Another CIO winner­, Old Dominion Freight Line, applied wireless technology to improve the productivity of its forklift operators. A device on the forklift captures data about each pallet and delivers it to the driver and the supervisor via a dashboard. With access to special handling instructions and suggestions for where to load the freight, Old Dominion makes fewer errors. A dashboard for managers shows when problems arise.

“Labor to revenue is a big number in transportation,” says VP of IT Ken Erdner. “It says how much freight you’re moving per dollar spent on labor.” To date, the company’s annual return is nearly double what Erdner invested in the project. “For [it] to continue doing well in this economy, with pricing so difficult, that’s really a wonderful thing,” he says.

Beyond ROI

Sometimes innovation takes an unexpected turn, producing some surprising benefits. Erdner wasn’t counting on customers filing fewer claims for damaged freight, but claims have dropped. “The freight was handled less, which means less chance of damage,” he notes.

Another example: Scotiabank’s branch infrastructure refresh was an “operational necessity,” says Kimberlee McKenzie, executive vice president for information technology and solutions. Replacing equipment and local area networks in 1,150 locations across Canada is saving $1.2 million annually. More up-to-date equipment will enable the bank to accommodate nearly $2 million in additional business over the next five years through increased sales capacity.

But the project also provided Scotiabank with a new blueprint for managing future large technology rollouts in the 50 countries where it operates. McKenzie’s project team mapped out the refresh process for each branch in a handbook it distributed. The package included a camera that the local staff used to photograph its space. The IT team used those images, along with floor schematics, to adjust installation plans remotely, reducing the need for on-site inspections. The project came in at $4 million under budget.

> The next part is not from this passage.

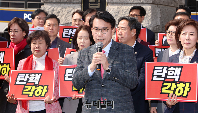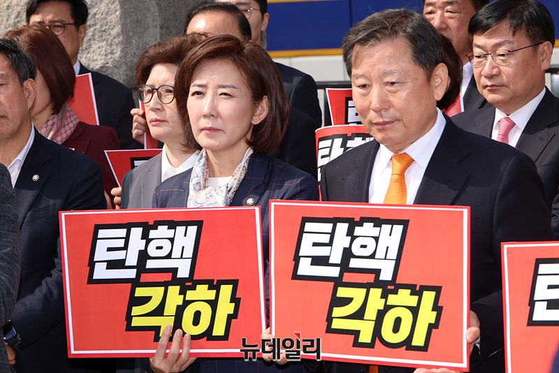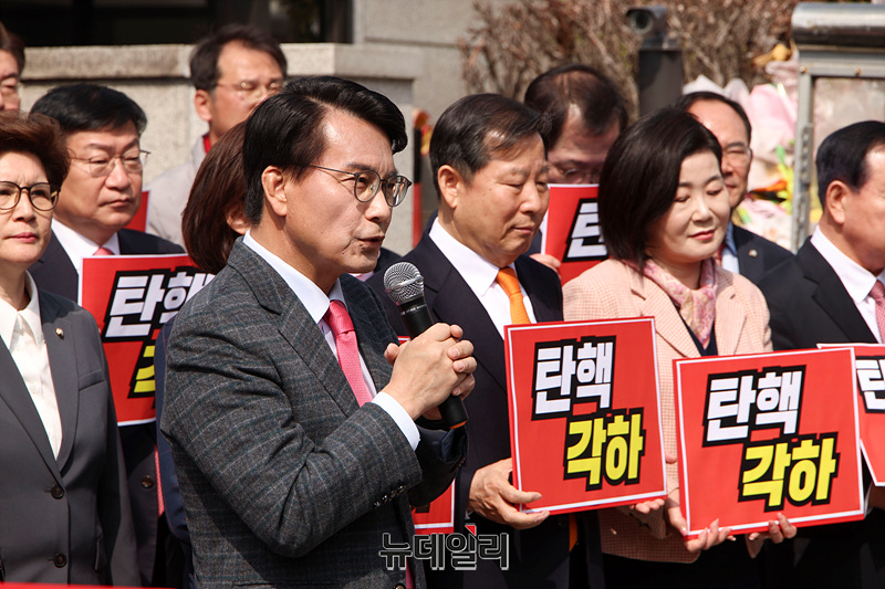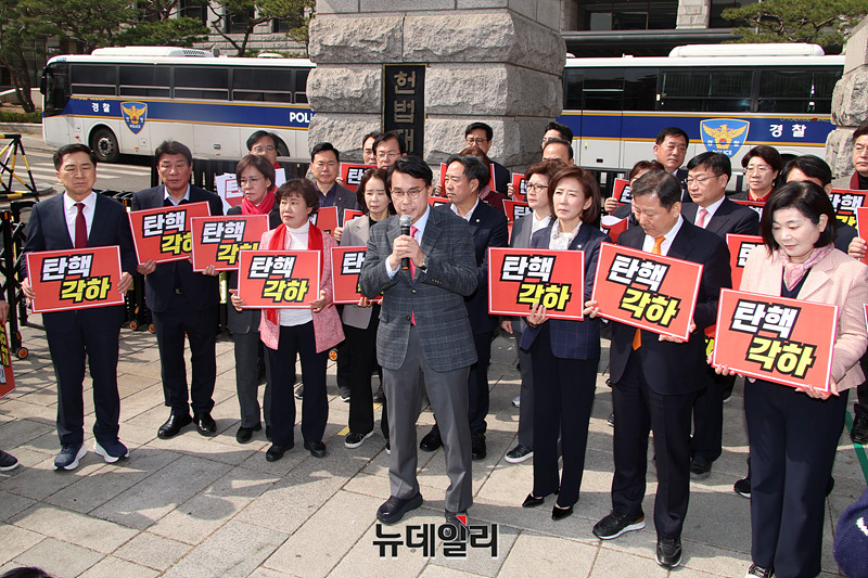 박대출, 조배숙, 이철규, 나경원, 윤상현 의원을 비롯한 국민의힘 의원들이 24일 오전 서울 종로구 헌법재판소 앞에서 한덕수 국무총리에 대한 국회의 탄핵소추 기각 관련 입장 발표 기자회견을 하고 있다.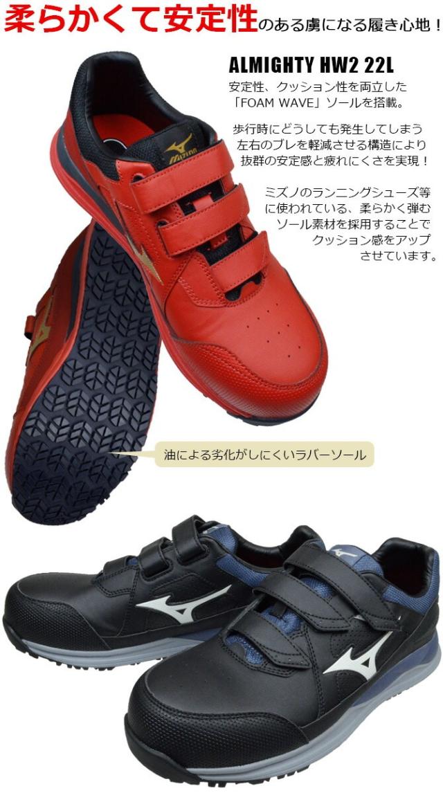安全靴 ミズノ MIZUNO オールマイティ ALMIGHTY HW2 22L F1GA2401 ローカット メンズ レディース マジックテープ おしゃれ ミズノエナジー ミズノウェーブ ワーキング プロテクティブスニーカー 屈曲性 耐油 安全スニーカー 作業靴

Next up is a similar project in the Caribbean region. “We have 24 countries involved, and we will be managing it from Toronto,” McKenzie says. “It’ll be like what we did in Canada, times 24.”

Finally, there are the projects that not only deliver outstanding business value, but also open end-users’ eyes to technology’s potential. UniGroup’s initiative to automate its forms gave business leaders “a taste for more automation,” says CIO Randall Poppell. The company, which owns United Van Lines, Mayflower Transit and other subsidiaries, is part of an industry that still pushes plenty of paper. The system is saving $400,000 annually and helps avoid $1.5 million in potential regulatory fines (owed for not using approved forms).

It’s also delighted a hard-to-please constituency—the company’s lawyers. “It really surprised them, the ease with which they could make changes,” he says. “That was one of the big benefits going in. That exceeded their expectations.”

Not only can the legal department update forms quickly when regulatory requirements change (thus ensuring compliance), but the company can deliver order information more quickly to agents, drivers, customers and the billing department. UniGroup’s insurance subsidiary, Vanliner, is now looking at adopting the application for its forms, as well.

“Probably the biggest surprise came from how well it was received and the opportunities the other business units saw to exploit it,” says Poppell.

In other words, the value of an investment can be measured not just by what it delivers, but by what it enables.